Porém nada disto deve ser visto como defeito, mas sim como feitio. Em relação aos pneus a verdade é que os pneus de hoje em dia oferecem uma performance assombrosa, a custo da duração em qualquer moto de cilindrada média alta que exija o uso de pneus bons, acima da média, esse problema acontece. E, pelo outro lado, desde que a entrada na Hayabusalândia seja feita com os devidos cuidados e preparativos, uma pessoa só pode esperar ser recompensada com boas sensações, em vez de cagaços.

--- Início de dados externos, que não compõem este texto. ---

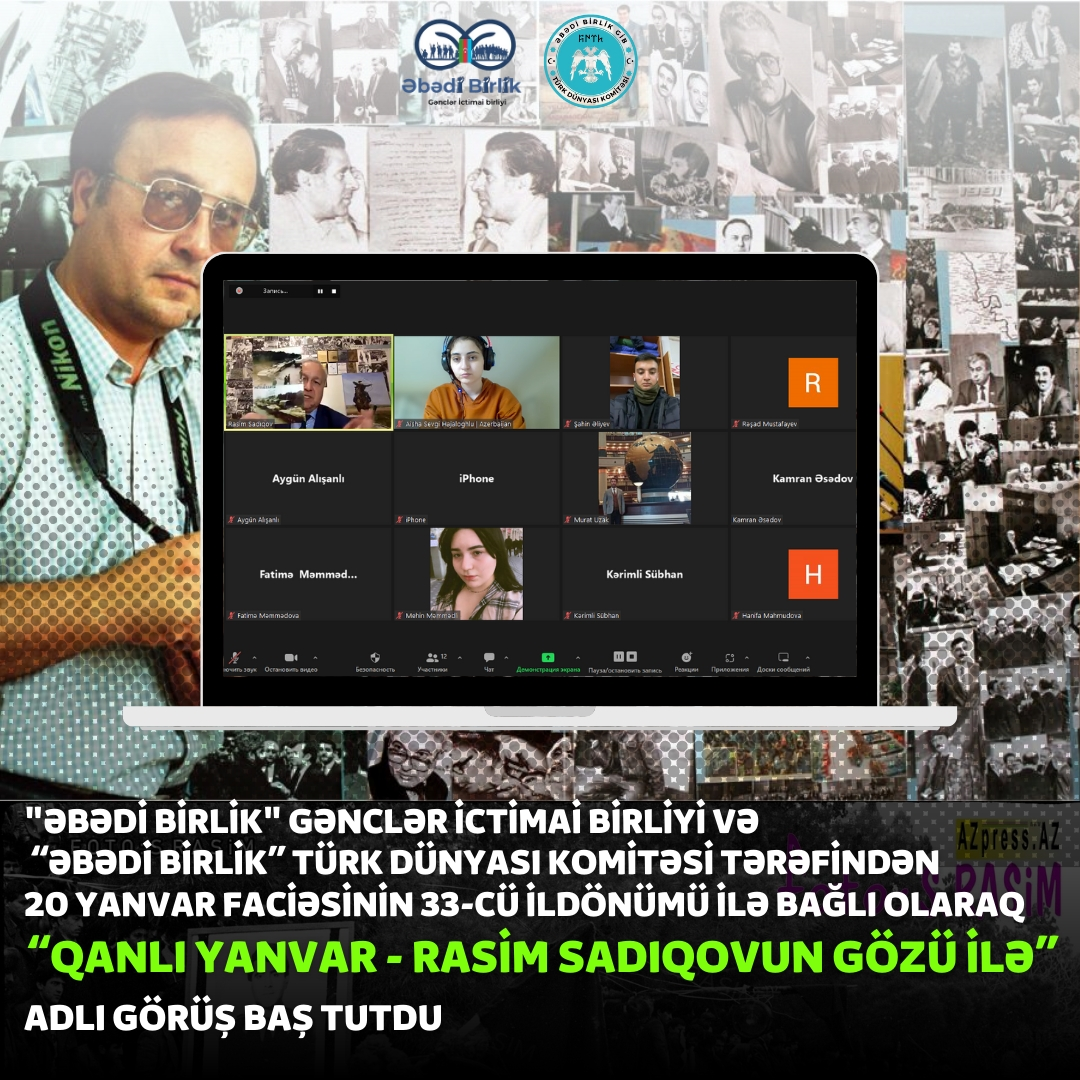 "Əbədi Birlik" Gənclər İctimai Birliyi və “Əbədi Birlik” Türk dünyası komitəsinin təşkilatçılığı ilə "Qanlı Yanvar - Rasim Sadıqovun gözü ilə" mövzusunda Zoom platformasında görüş keçirilib.

E já agora, como se parece o habitante da Hayabusalândia? É um (ou uma) tipo que não é muito novo, nem muito velho. Assim na casa dos trintas, quarentas. É um tipo que tem de ter alguma liquidez para poder comprar a moto que lhe apetece. Regra geral, tem experiência de andar de moto, pelo menos alguma. É um tipo que gosta de velocidade, mas também já leva algum juízo na bagagem.

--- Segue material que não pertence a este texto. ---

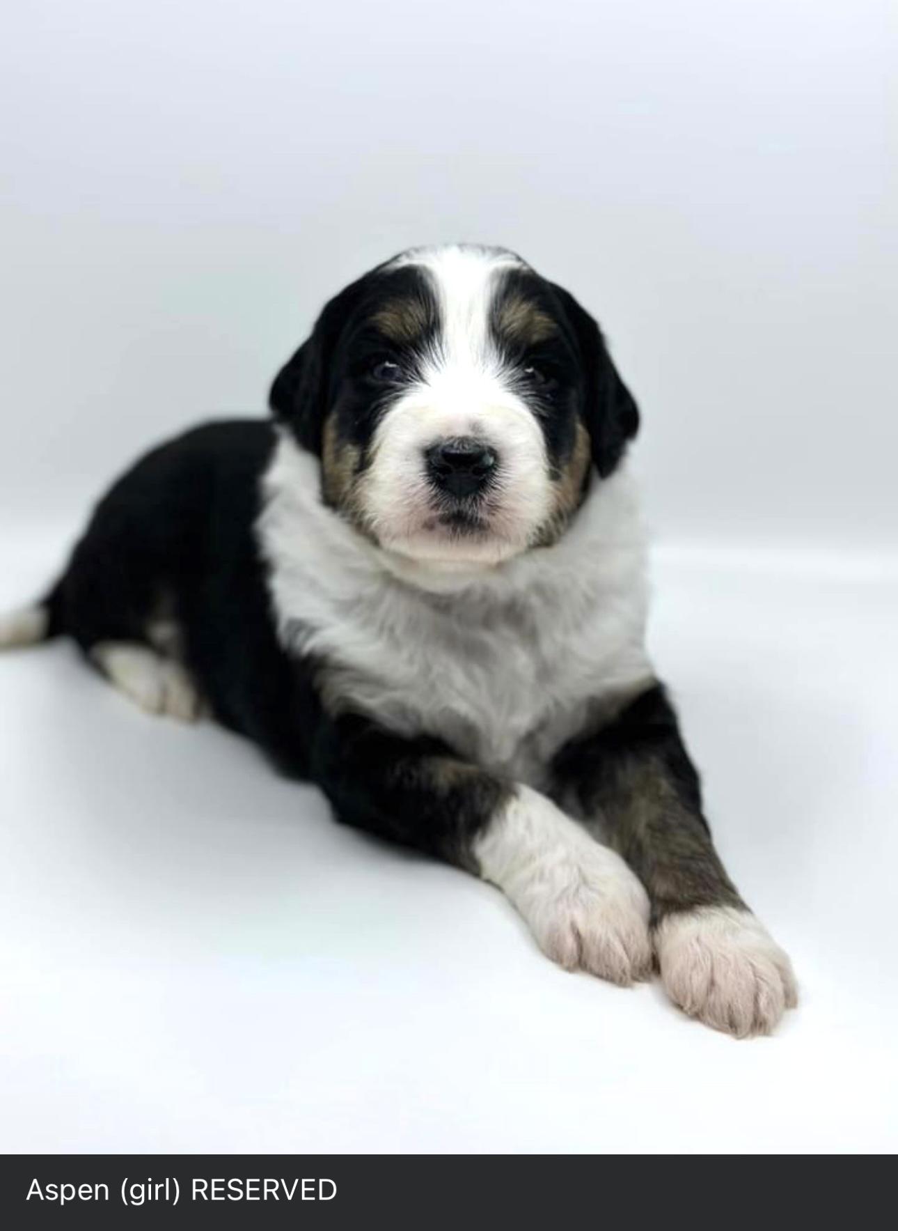 Molly is a female Bernedoodle. Carefully selected as a great representative of her breed, Ginger & decided to make her part of their program. Ginger & has passed Good Dog’s screening process, which involved a review of their breeding practices, environment, and the mental and physical health of their dogs.

Ok, se calhar dizer que a Hayabusa faz as todas mulheres lindas é exagero, isso é mais o que a cerveja faz. Mas a cena é que quando uma pessoa experimenta algo de maravilhoso fica com aquele bom feeling que faz com que aos nossos olhos tudo fique mais bonito. É, ou não é verdade? É disso que se trata quando falamos de andar numa Hayabusa, é uma maravilha, na minha opinião provavelmente a melhor moto do mundo, se a considerarmos no seu conjunto (incluindo o preço) como veículo de transporte pessoal que permite várias utilizações. De tal forma que a sensação que eu tenho de cada vez que ando nela é que estou num mundo à parte: a Hayabusalândia.



Nota sobre alguns dados:
Todos os valores referem-se à minha utilização da minha Hayabusa que tem 3 anos, 47 mil kms e foi comprada nova. As velocidades indicadas são as que marcam no conta-quilómetros. Quanto à potência, 175 cv é o valor declarado pela marca de origem. Consultei vários testes realizados com Hayabusas em banco de ensaio que indicam que a potência na roda é de 160 cv. A minha não tem kitanços nenhuns. A única coisa que já substitui foi o chamado kit de transmissão – corrente e a roda de dentes de trás – por desgaste, aos 30 mil kms, que é o normal (neste tipo de motos, e aí a vantagem vai para a BM que tem veio de transmissão em vez de corrente). Não gasta óleo, muda a cada 6 mil que é a manutenção recomendada pelo fabricante, mas é só.

4 comentários:

manobro12 disse...

essa cena de tirares fotos na tua mota montado num reboque para parecer que vais em andamento é muito hollywoodesco - - eehehehehehehehe
Assinado:)bro, manobro

Unknown disse...

Que grande e excelente texto, eu não diria melhor.
Está mesmo bom e recomenda-se. :)

Phantom disse...

Excelente, revi-me em muitas coisas senão na maioria...
Ja levo 70000 kms feitos num conjunto de duas Hayabusas, sou um dos maiores amantes da Hayabusalandia e embora neste momento tenha outros projectos, em breve estarei de volta á minha paixão e ao meu país de eleição...a Hayabusalândia...
Um abraço boas curvas e continuação de boa escrita.

Milagaia disse...

Sem duvidas, o texto está fantástico! Eu que estou a contar as horas que faltam para ir buscar a minha busa, fiquei completamente arrepiado.
Esta é uma máquina de paixões, por mais racionais que sejamos, ela acaba por nos enfeitiçar e a escolha é feita com o coração. Para mim ela é um sonho que vem de longe e que finalmente vou realizar!

Abraço, contínua a brindar-nos com textos tão bem escritos.